The Book of Heaven
—Unofficial Version—

Volume 17


September 2, 1924

Jesus strengthens the little child. The harm of distrust. The work of Jesus.


I was feeling very oppressed, but all abandoned in the arms of Jesus, and I prayed Him to have compassion for me. But while I was doing this, I felt like loosing consciousness and I saw a little child come out from within me – weak, pale, and all engrossed in profound sadness. And blessed Jesus, going to meet her, took her in His arms and, moved to pity, pressed her to His heart; and with His hands He touched her forehead, marking her eyes, her lips, her breast, and all the members of the little child, with signs of the cross. And as He was doing this, the child regained strength, acquired color, and bestirred herself from that state of sadness. And Jesus, seeing that the child was regaining strength, pressed her more tightly to Himself, to strengthen her even more, and said to her: "Poor little one, in what state you are! But do not fear, your Jesus will make you come out this state."
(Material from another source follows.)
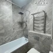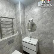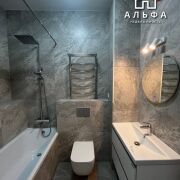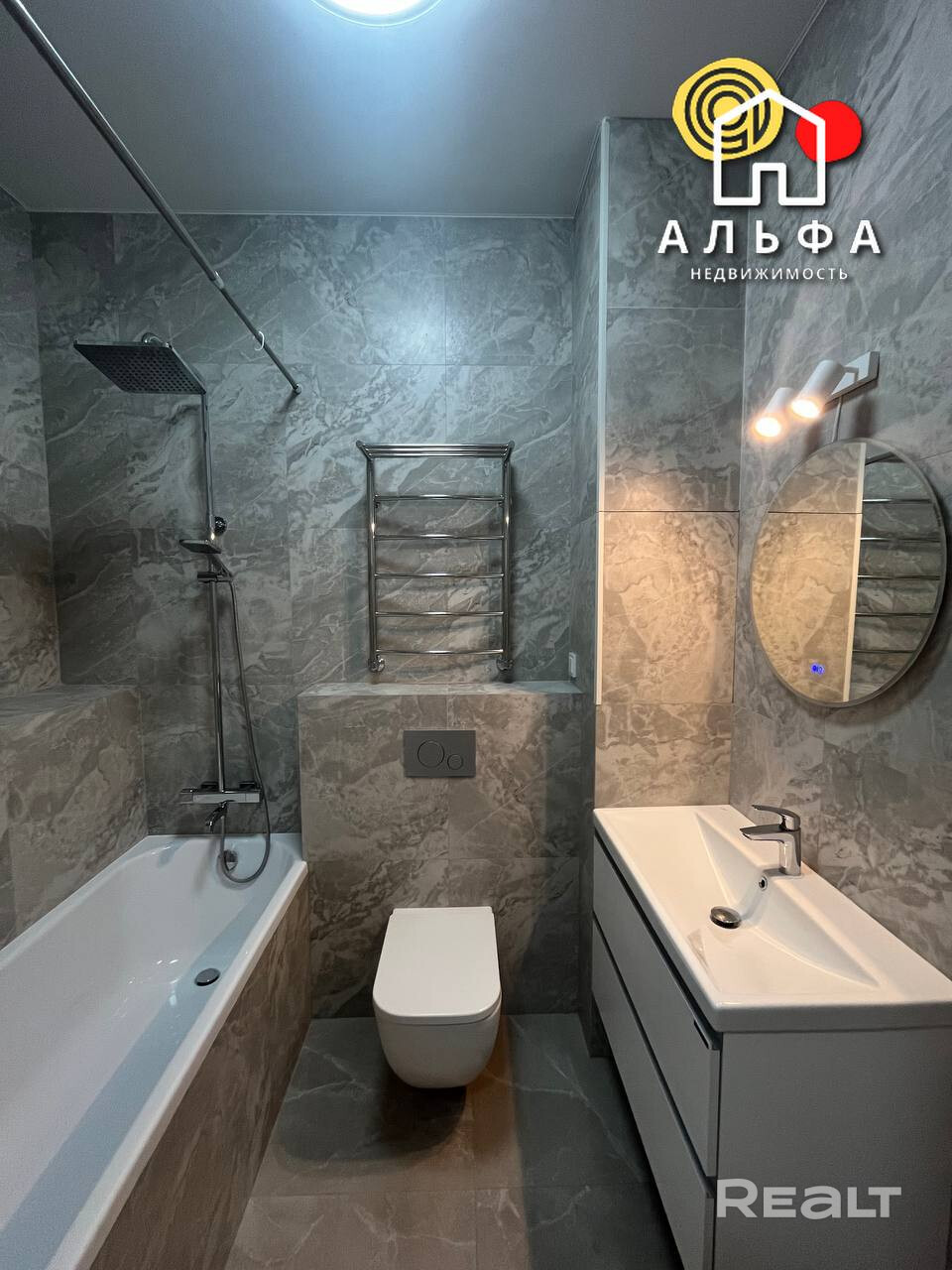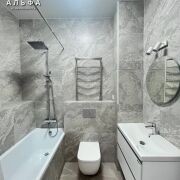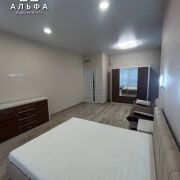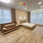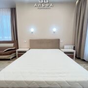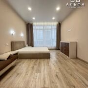 Спальня выполнена в спокойных тонах. Укомплектована кроватью с удобным матрасом, вместительным шкафом-купе и прикроватными тумбочками, диваном, комодом. Два панорамных окна обеспечивают максимальное естественное освещение и возможность наслаждаться видами из вашей спальни. Также есть возможность выделить еще одну комнату, что добавляет гибкости в использовании пространства. Санузел совмещенный. В нем поместилось всё, что необходимо: ванна, раковина, зеркало с подсветкой, большая и вместительная тумба, полотенцесушитель.

While this was happening, I thought to myself: ‘Who is this child who came out from me and whom Jesus loves so much?’

And my sweet Jesus told me: "My daughter, this child is your soul – it is you – and I love her so much that I cannot tolerate seeing you so sad and weak. This is why I came - to infuse in you new life and new vigor."

On hearing this, crying, I said to Him: ‘My Love and my Life, Jesus, how I fear that You may leave me! How shall I do without You? How will I be able to live? In what a deplorable state will my poor soul be reduced? What a harrowing pain is the thought that You may leave me! A pain that lacerates me, takes peace away from me and puts hell into my heart! Jesus, have pity, compassion, mercy on me, a little child! I have no one; if You leave me, everything is over for me!’

And Jesus, continuing, added: "My daughter, calm yourself, do not fear; your Jesus will not leave you. I am jealous of your trust, nor do I want you to even slightly distrust Me. See, I love so much the souls who are with Me in full trust, that many times I hide some defect or imperfection of theirs, or some lack of correspondence to my grace, so as to give them no occasion not to be with Me in full trust. In fact, if the soul loses trust, she remains as though separated from Me and all huddled within herself; she places herself at a painful distance from Me, and so, remaining paralyzed in her rush of love, she becomes paralyzed in sacrificing herself for Me. Oh, how much harm does distrust cause! One can say that it is like the spring frost that arrests the growth of the plants; and many times, if it is intense, the frost arrests the development of virtues, and puts cold into the most ardent love. Oh, how many times, because of lack of trust, my designs and the greatest sanctities are stopped! This is why I tolerate some defects rather than distrust – because those will never be so harmful. And then, how can I leave you, if I have worked so much within your soul? Take a look at how much I had to work."

And as He was saying this, He showed a sumptuous and great palace, worked by the hands of Jesus in the depth of my soul. And then He continued: "My daughter, how can I leave you? Take a look at how many rooms – they are almost innumerable: how many knowledges, effects, values and qualities in my Will! I have let you know how many rooms I form in you in order to place all those goods. There is nothing left but to add some more varieties of different colors, in order to portray more rare beauties of my Supreme Will, to give more prominence and honor to my work. And you fear that I may leave such a great crafting of Mine? It costs Me too much. There is my Will involved in it; and wherever my Will is, there is Life – a Life not subject to death. And your concern is nothing but a little distrust on your part. Therefore, trust Me and we will get along, and I will accomplish the work of my Will."